(Collected data entries)
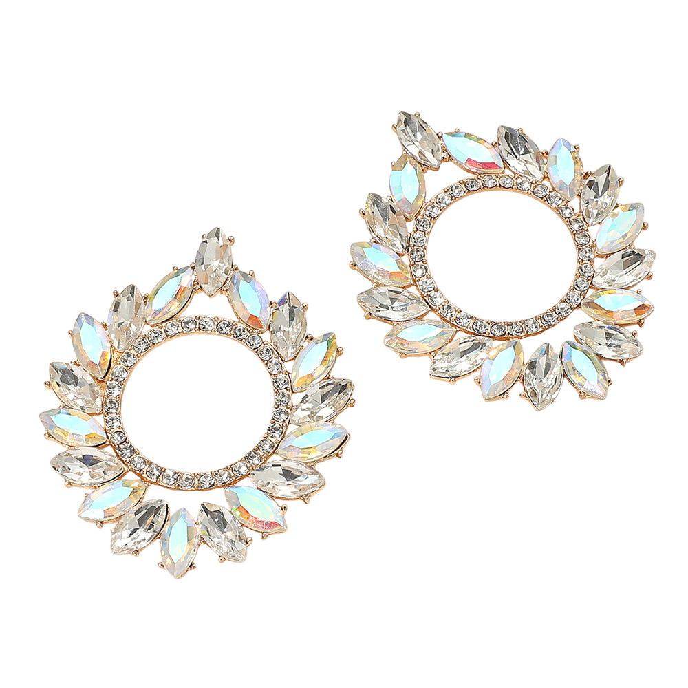 Details • Size : 1.75" X 2.1" • Post Back • Radiant earrings showcasing marquise-cut crystals arranged in a striking sunburst design around a sparkling open circle center. Perfect for elevating evening wear or special event outfits, these earrings blend timeless elegance with bold, eye-catching style for a glamorous finish. • Lead and Nickel Compliant
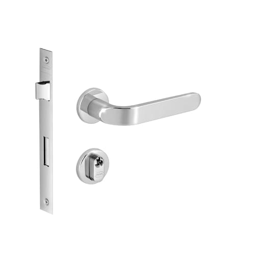 ? Design que se Destaca: Com acabamento cromado e roseta em zamack, essa fechadura adiciona um toque de elegância à sua porta, combinando perfeitamente com diferentes estilos de decoração.
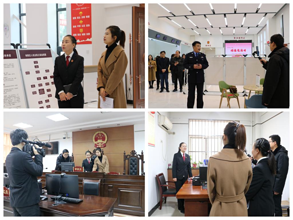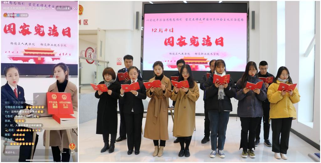 ——开展网络普法宣传活动。在12月4日的“国家宪法日”,联合杨陵区人民法院携手开展网络普法宣传活动。在法院负责人带领下,师生们先后参观了诉讼服务中心、法治宣传展示区、文化长廊、审判法庭和办公室等场所,通过听取讲解、实地参观和对话交流,身临其境地学习法院审判执行工作,感受浓厚的法治文化氛围。在直播环节,师生们全程观看网络直播,线上线下同步互动。随后,法院的法官干警同师生肃穆站立,手捧《宪法》和在线网友共同诵读了宪法,通过零距离感受司法,深刻体会宪法法律就在身边。
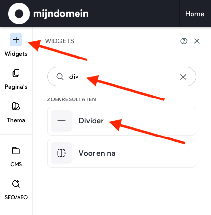 Je kan de "Divider" widget plaatsen door deze te slepen naar de gewenste plek. Simpel dus!
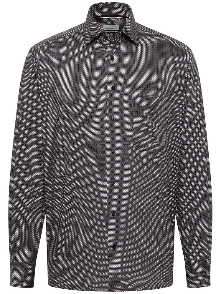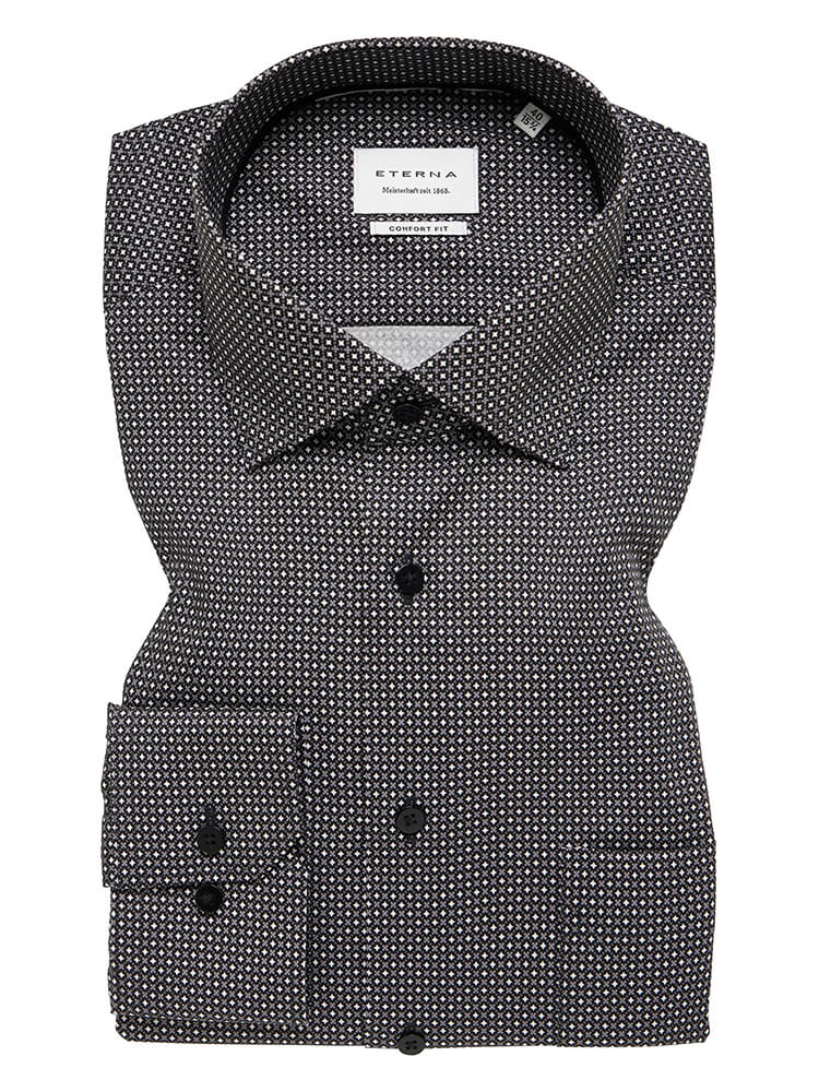Das komfortable Businesshemd aus der ETERNA Comfort Fit Kollektion steht für den kultivierten und modebewussten Mann von heute. Ein klassischer Schnitt verbunden mit modischen Produktdetails verspricht einen hohen Komfort und macht dieses Hemd zu einem Meister der Kombination. Das gemusterte Herrenhemd in der Farbe schwarz darf in keiner Herrengarderobe fehlen und kann mit dem eleganten und zeitlosen Kent Kragen zu jedem Anlass sowie im Alltag getragen werden. Mit einer passenden Krawatte und einem großen Krawattenknoten kommt dieses ETERNA Comfort Fit Herrenhemd am besten zur Geltung.

▸ Task goal
Pictures are to be dropped; the lines from the start of the entries above through the line with "plek. Simpel dus!" are to be given again verbatim.

▸ The completed task
 Details • Size : 1.75" X 2.1" • Post Back • Radiant earrings showcasing marquise-cut crystals arranged in a striking sunburst design around a sparkling open circle center. Perfect for elevating evening wear or special event outfits, these earrings blend timeless elegance with bold, eye-catching style for a glamorous finish. • Lead and Nickel Compliant
 ? Design que se Destaca: Com acabamento cromado e roseta em zamack, essa fechadura adiciona um toque de elegância à sua porta, combinando perfeitamente com diferentes estilos de decoração.
 ——开展网络普法宣传活动。在12月4日的“国家宪法日”,联合杨陵区人民法院携手开展网络普法宣传活动。在法院负责人带领下,师生们先后参观了诉讼服务中心、法治宣传展示区、文化长廊、审判法庭和办公室等场所,通过听取讲解、实地参观和对话交流,身临其境地学习法院审判执行工作,感受浓厚的法治文化氛围。在直播环节,师生们全程观看网络直播,线上线下同步互动。随后,法院的法官干警同师生肃穆站立,手捧《宪法》和在线网友共同诵读了宪法,通过零距离感受司法,深刻体会宪法法律就在身边。
 Je kan de "Divider" widget plaatsen door deze te slepen naar de gewenste plek. Simpel dus!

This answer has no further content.